**Task brief**. A copy of the listing below is needed, exact in every line and without images.

**Input data**.
***

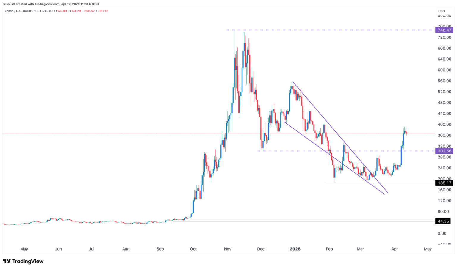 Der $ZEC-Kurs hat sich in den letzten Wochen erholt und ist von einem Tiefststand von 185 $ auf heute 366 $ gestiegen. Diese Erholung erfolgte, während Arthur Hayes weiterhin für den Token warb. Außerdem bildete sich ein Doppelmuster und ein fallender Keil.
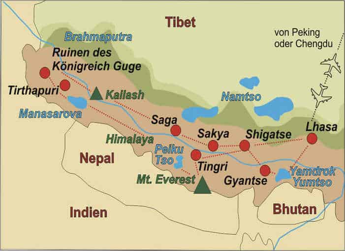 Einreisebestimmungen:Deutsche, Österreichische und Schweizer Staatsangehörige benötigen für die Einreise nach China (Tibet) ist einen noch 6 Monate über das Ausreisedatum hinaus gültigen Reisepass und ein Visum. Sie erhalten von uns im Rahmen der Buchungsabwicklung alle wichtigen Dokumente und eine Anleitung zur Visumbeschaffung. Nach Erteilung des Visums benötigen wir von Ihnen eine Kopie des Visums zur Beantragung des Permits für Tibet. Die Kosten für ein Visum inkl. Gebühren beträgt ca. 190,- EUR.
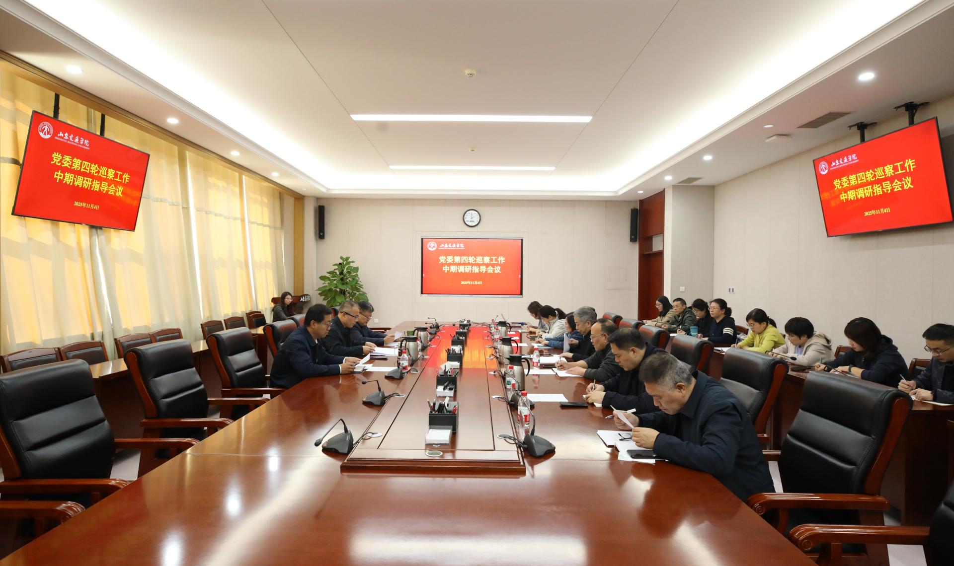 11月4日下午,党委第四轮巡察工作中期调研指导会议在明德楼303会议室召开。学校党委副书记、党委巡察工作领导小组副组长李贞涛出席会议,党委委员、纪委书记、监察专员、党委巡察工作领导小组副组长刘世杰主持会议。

***

**Result for this task**.
 Der $ZEC-Kurs hat sich in den letzten Wochen erholt und ist von einem Tiefststand von 185 $ auf heute 366 $ gestiegen. Diese Erholung erfolgte, während Arthur Hayes weiterhin für den Token warb. Außerdem bildete sich ein Doppelmuster und ein fallender Keil.
 Einreisebestimmungen:Deutsche, Österreichische und Schweizer Staatsangehörige benötigen für die Einreise nach China (Tibet) ist einen noch 6 Monate über das Ausreisedatum hinaus gültigen Reisepass und ein Visum. Sie erhalten von uns im Rahmen der Buchungsabwicklung alle wichtigen Dokumente und eine Anleitung zur Visumbeschaffung. Nach Erteilung des Visums benötigen wir von Ihnen eine Kopie des Visums zur Beantragung des Permits für Tibet. Die Kosten für ein Visum inkl. Gebühren beträgt ca. 190,- EUR.
 11月4日下午,党委第四轮巡察工作中期调研指导会议在明德楼303会议室召开。学校党委副书记、党委巡察工作领导小组副组长李贞涛出席会议,党委委员、纪委书记、监察专员、党委巡察工作领导小组副组长刘世杰主持会议。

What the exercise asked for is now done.